– Венгерова, это вы написали заметку о новом учебнике грамматики немецкого языка?

– Да.

– Очень плохо.

А что такого я там написала?

– А вы написали: «представляет из себя». Стыдитесь. Не «представляет из себя», а «представляет собой». Зарубите себе на носу.

Еще рассказывали историю об одной влиятельной даме с нашего факультета. Дама была профессор и славилась тем, что она одна умудрялась получать гонорары за свои публикации в университетской прессе. Она была очень даже не глупая и не бедная. Но овдовела, а это было не престижно.
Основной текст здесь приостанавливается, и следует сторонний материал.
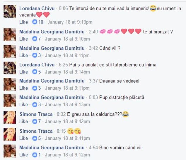 Denisa Despa se relaxeaza in tarile calde, in timp ce prietenele ei se lupta cu nametii in tara.
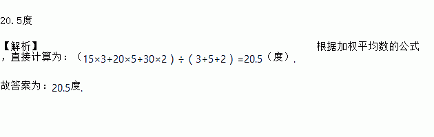 要了解某地农户用电情况,抽查了部分农户在某地一个月中用电情况:用电15度的有3户,用电20度的有5户,用电30度的有2户,那么平均每户用电__________.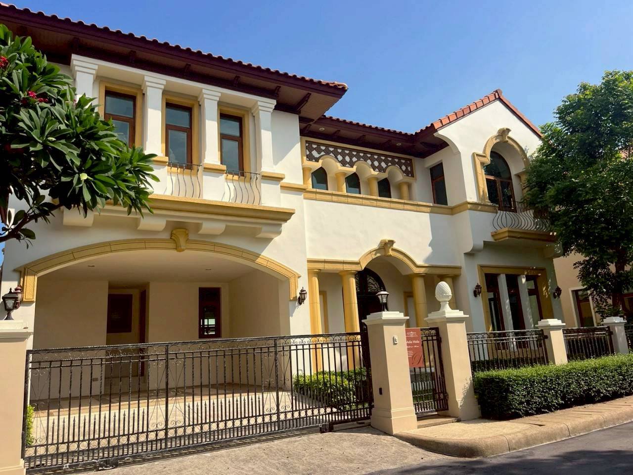 - มุมหน้าบ้านถูกออกแบบให้มีความโดดเด่นด้วยศิลปะแบบ “อาร์ค สไตล์เมดิเตอร์เรเนียน ผสมมัวร์”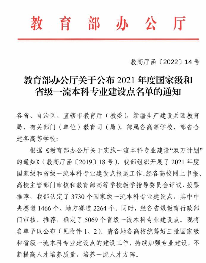 日前,教育部办公厅公布了2021年度国家级和省级一流本科专业建设点名单,成年人电影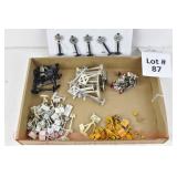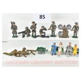 85 BARCLAY FIGURES: (2) Machine Gunners, Listening Post; (4) Sitting Figures/2 Benches; (6) Gray Iron Soldiers; Small Push Cart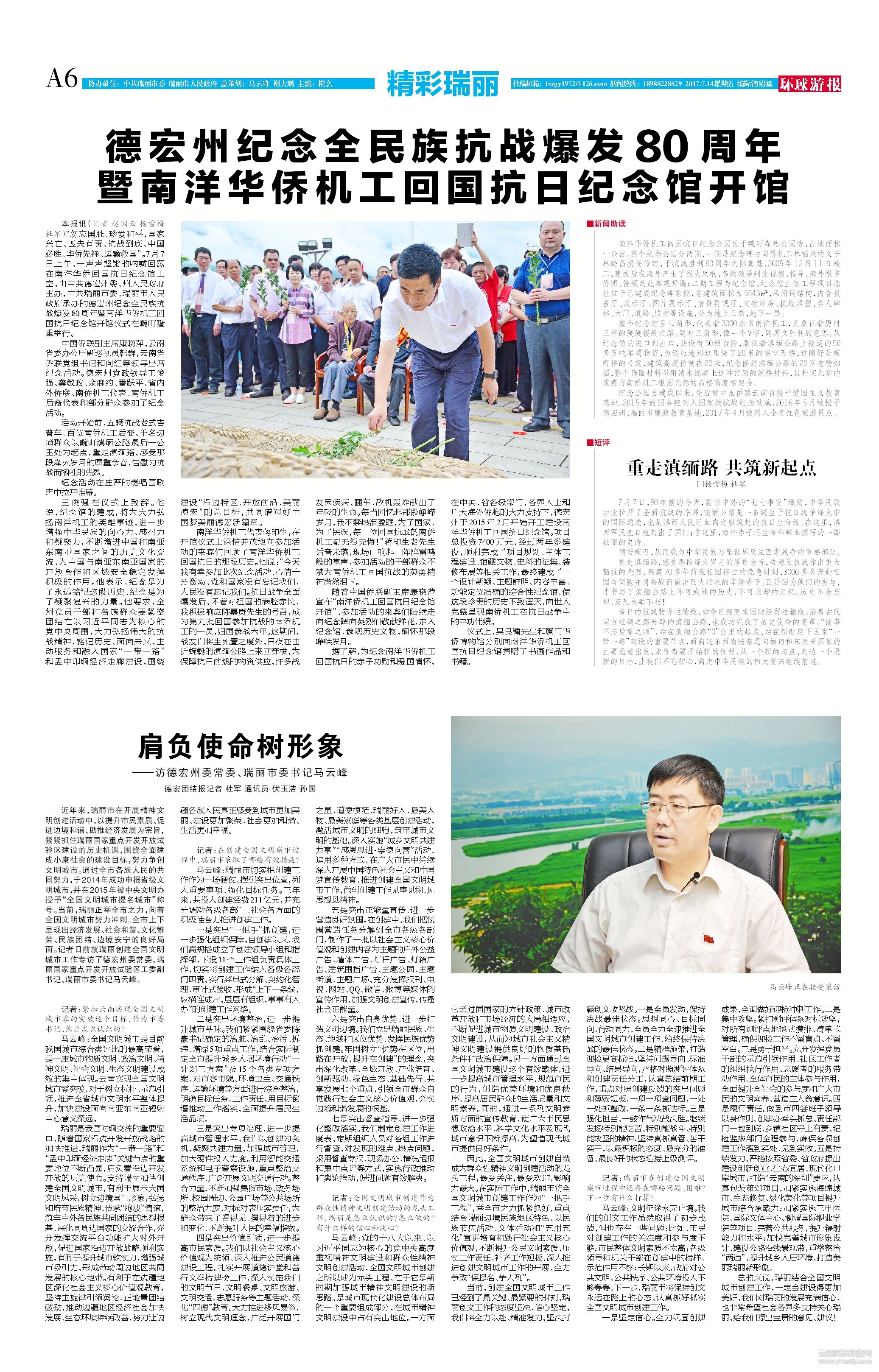 ● 德宏州紀念全民族抗戰(zhàn)爆發(fā)80周年 暨南洋華僑機工回國抗日紀念館開館 ( 2017-07-14 )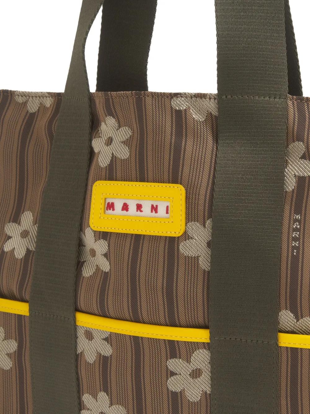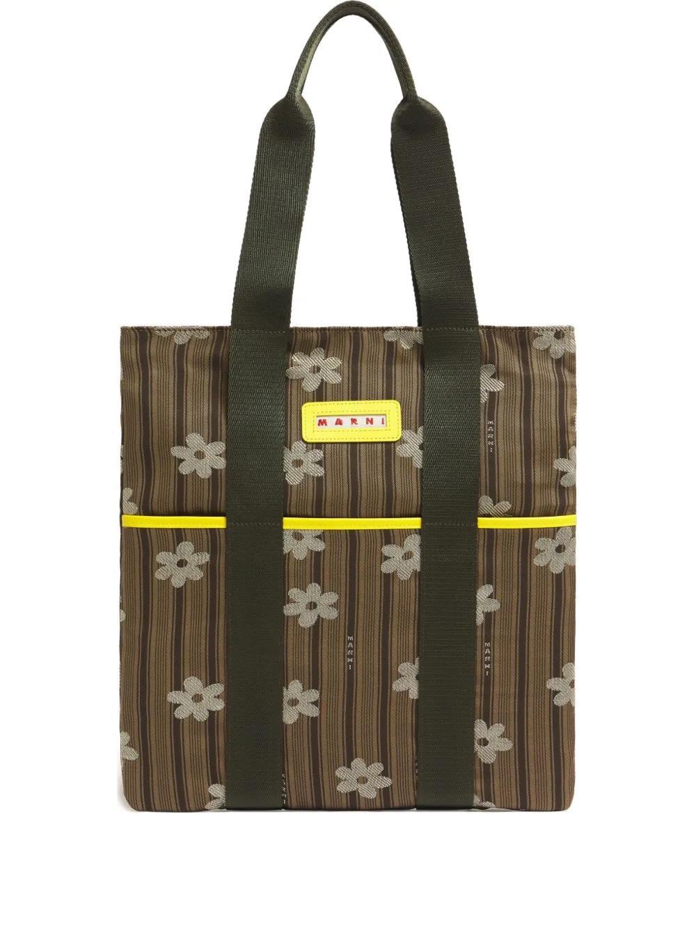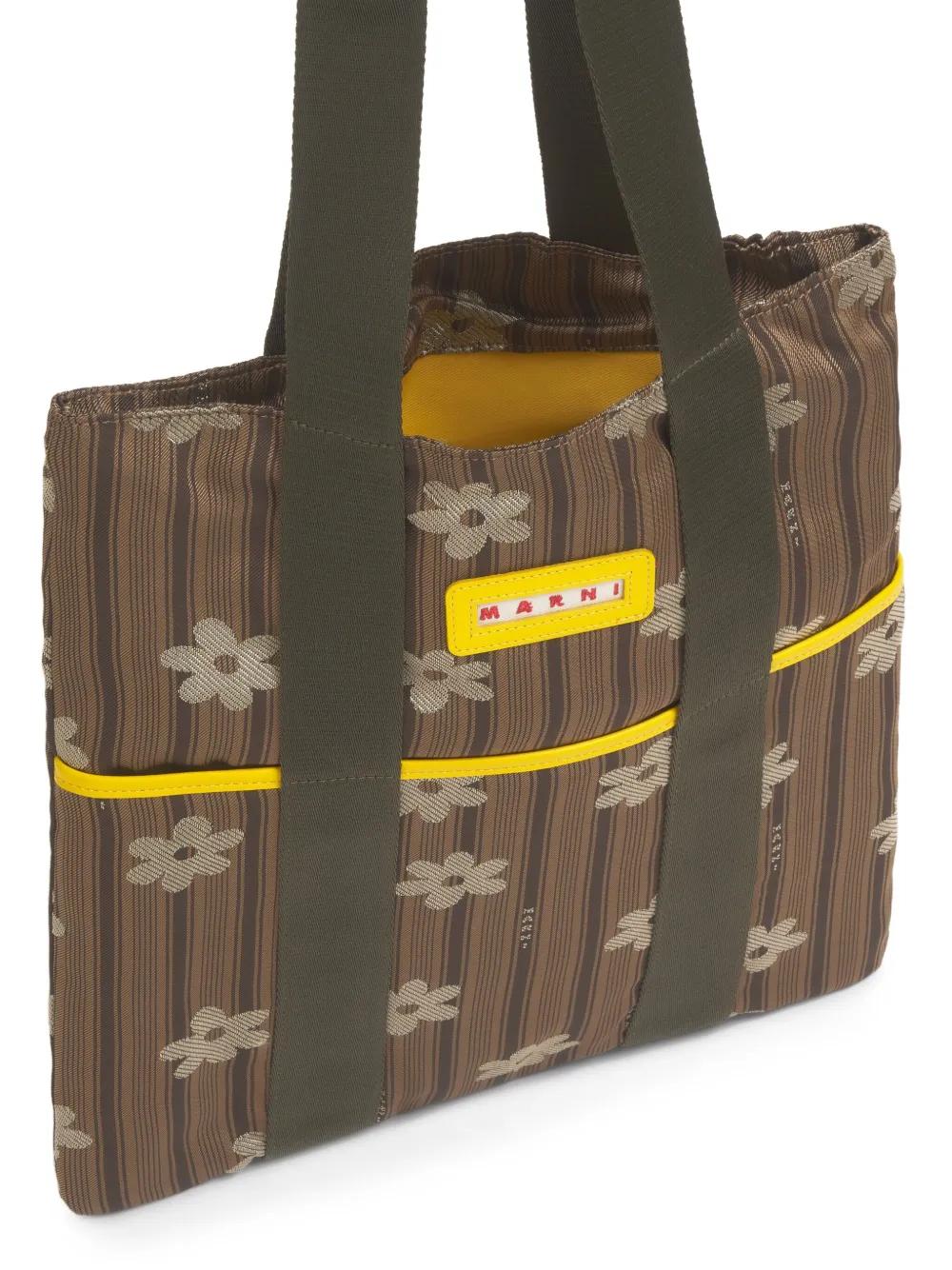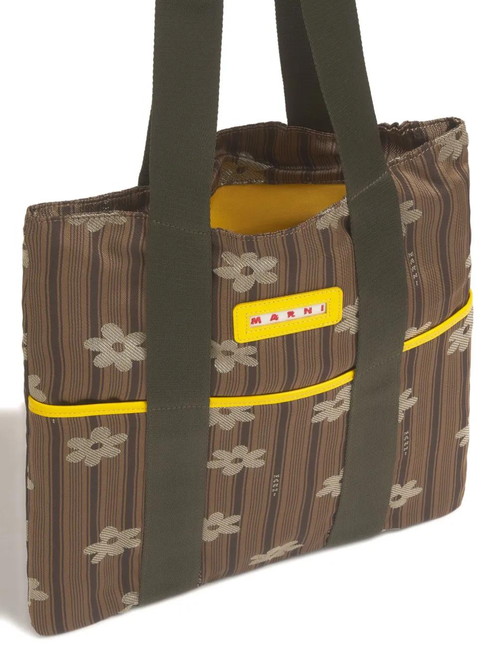 brown stripe and floral pattern tape handles leather accents embroidered logo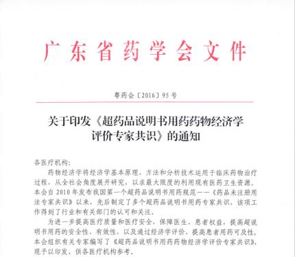 關(guān)于印發(fā)《超藥品說明書用藥藥物經(jīng)濟(jì)學(xué)評(píng)價(jià)專家共識(shí)》的通知
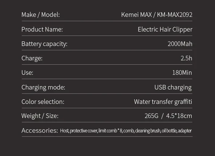 Kemei Model: Kemei KM-MAX2092 KM-MAX5090 KM-RS7098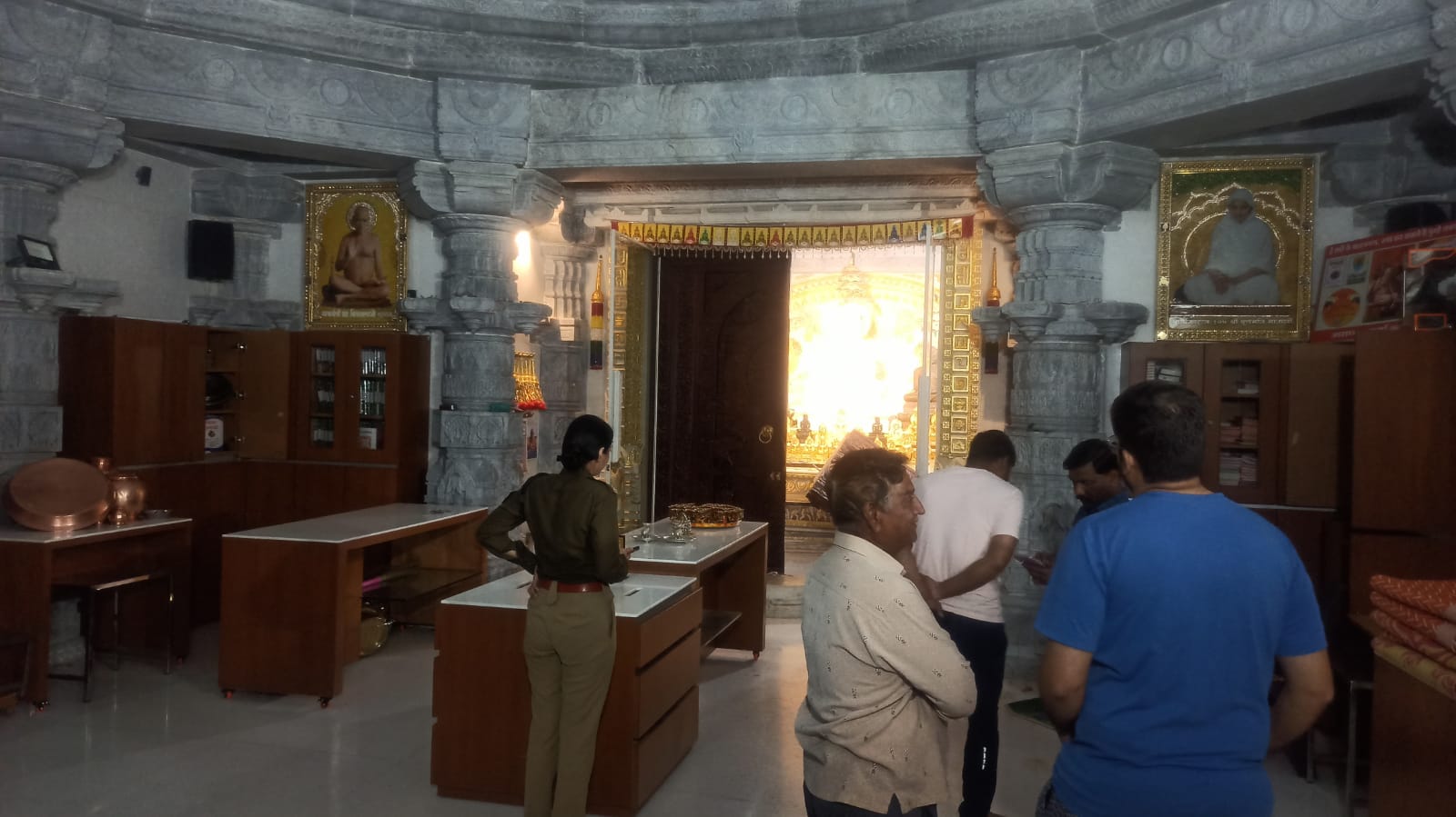 मनावर के चैतन्यधाम महावीर दिगंबर जैन मंदिर में रविवार की रात को अज्ञात चोर लाखों रुपए मूल्य के चांदी की वस्तुएं और दान पेटी चुरा ले गए। पुलिस एक्सपर्ट और डॉग स्क्वॉड की टीम जांच में जुटी। चोर एक घंटे तक मंदिर में चोरी करते रहे। पुलिस ने क्षेत्र में नाकाबंदी कर चोरों की तलाश शुरू कर दी है। पढ़िए धामनोद से दीपक प्रधान की यह खबर…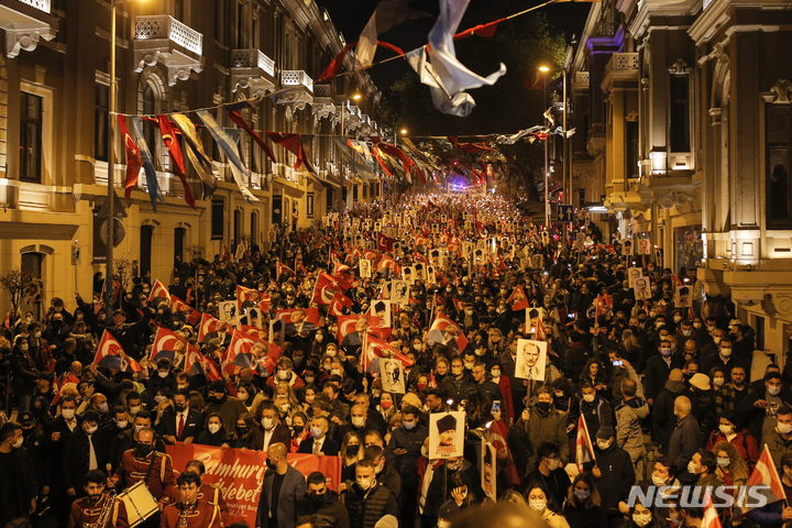 [이스탄불=AP/뉴시스] '터키 공화국의 날'인 29일(현지시간) 이스탄불에서 시민들이 터키 국부 '무스타파 케말 아타튀르크' 사진과 촛불을 들고 행진하고 있다. 터키는 아타튀르크가 1923년 터키 공화국을 선포한 건국 98주년을 맞았다. 2021.10.30.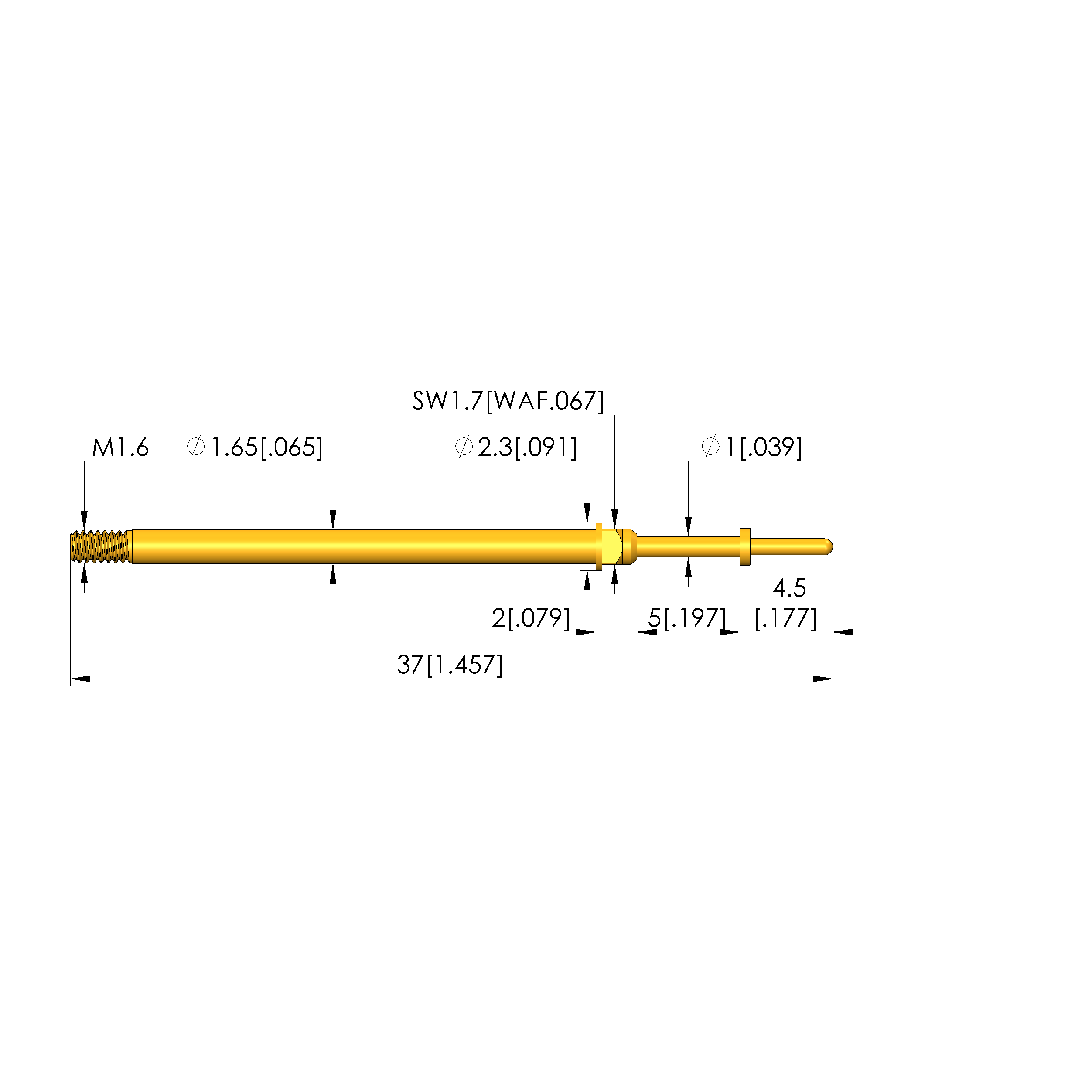 - Barrel diameter: 1.65 mm [.064 in]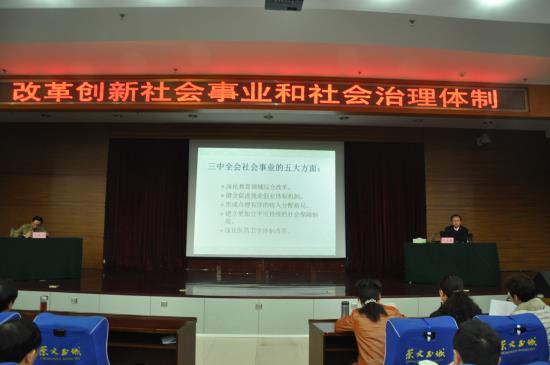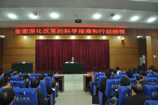 11月21日,省委党校举办学习党的十八届三中全会精神辅导报告会,常务副校长陶良虎教授、原常务副校长马哲军教授、公共管理教研部主任孙大敏教授和政法教研部主任赵静教授分别作了题为《经济体制改革的路线图与任务书》、《全面深化改革的科学指南和行动纲领》、《改革创新社会事业与社会治理体制》、《以法治精神深化改革 打造法治中国》专题辅导讲座。全校教职工和主体班学员参加了全天的学习辅导。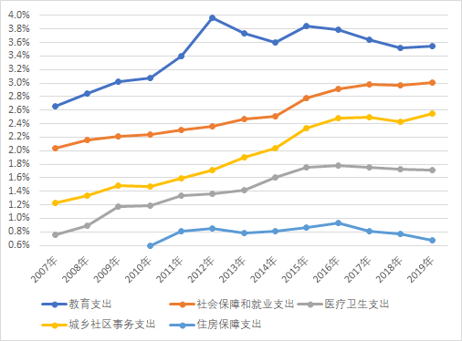 我是用国家统计局提供的国家主要财政支出项目和GDP进行计算的

И она во время прогулок со своим псом присмотрела себе одного собачника, майора, и увела его у жены. Разъяренная жена пришла жаловаться на факультет, и Самарин дал ей мудрый совет: не поднимать никому не нужного скандала, не подавать заявления в партком, взять за уведенного мужа отступные (сто тысяч) и оставить его в покое. Говорят, что наша партийная профессорша нашла этот выход приемлемым, и все уладилось к общему удовольствию: жене – машина и квартира майора, а нашей профессорше – сам майор.

А если серьезно… Всерьез все произошло в начале «оттепели», когда факультет обсуждал роман Дудинцева «Не хлебом единым». Были общие собрания, бурные споры, крики, боевые клики и призывы: «Бей в барабан и не бойся!» Дальше – больше. Произошла эта история с несостоявшейся Нобелевской премией Пастернака. Самарину пришлось принести в жертву трех преподавателей, в том числе гениального Кому Иванова.

У него был нюх на диссиду. Он, например, прочтя в «Комсомолии» всего лишь рецензию Алика Жолковского на роман Хемингуэя «За рекой в тени деревьев», завелся так, что не допустил Алика к работе на фестивале молодежи. И конечно, Алик при первой возможности эмигрировал, профессорствует в Штатах.

Роман гнобил Мельчука, талантливее которого за всю историю факультета были разве что Кома и Андрей Зализняк. Мельчука, уже окончившего курс, Самарин запретил пускать на факультет. Мельчук, конечно, тоже эмигрировал, профессорствует в Канаде.

А вполне себе лояльного Карельского, несмотря на его одаренность, Самарин, как мог, поощрял. Карельский потом профессорствовал на нашем же факультете.

Роман даже Зализняка не гнобил: послал его по обмену в Париж. Как будто заранее знал, что Андрей останется в России и прочтет новгородские берестяные грамоты.

Все-таки умный был мужчина, Роман Михайлович Самарин. Очень.

Бонди

Сергей Михайлович Бонди читал на русском отделении. Он был, что называется, старого закала и петербургского разлива и в гардеробе всегда занимал очередь за пальто. Это страшно льстило всей очереди, и она радостно пропускала его вперед. Он был из старой когорты пушкинистов, а курс его был посвящен русской поэзии. Мы, с романо-германского отделения, бегали к нему на лекции в Коммунистическую аудиторию. Бегали всего два раза. На третий раз нам это было строго запрещено, ведь по расписанию нам полагалось в это время сидеть на семинаре Неустроева и слушать про Клопштока. Есть такое уважаемое имя в истории немецкой литературы. Перу его принадлежит длиннющая религиозная поэма под названием «Мессиада», которую не то что прочесть, но даже перелистать невозможно. Такая она скучная. Ничего скучнее Клопштока в немецкой литературе нет и не будет. Это было ясно еще в восемнадцатом веке.

О, сколько Клопштока хвалили!
Читали Клопштока? Едва ли.
Пусть нас бы так не возносили,
Зато прилежнее читали, –

писал о нем Лессинг.

А Бонди объяснял, из какого сора растут стихи, не ведая стыда. Конечно, Ахматову на общей лекции он еще не цитировал. Ни Ахматовой, ни Цветаевой, ни даже Пастернака в программах русского отделения филологического факультета еще не было. А уж о Мандельштаме вообще никто никогда не заикался. Студенты-русисты, конечно, эти имена знали. Например, Саша Морозов (он был на несколько курсов старше нас) вообще был помешан на поэзии Мандельштама и знал наизусть все, что тогда можно было где-то как-то раздобыть.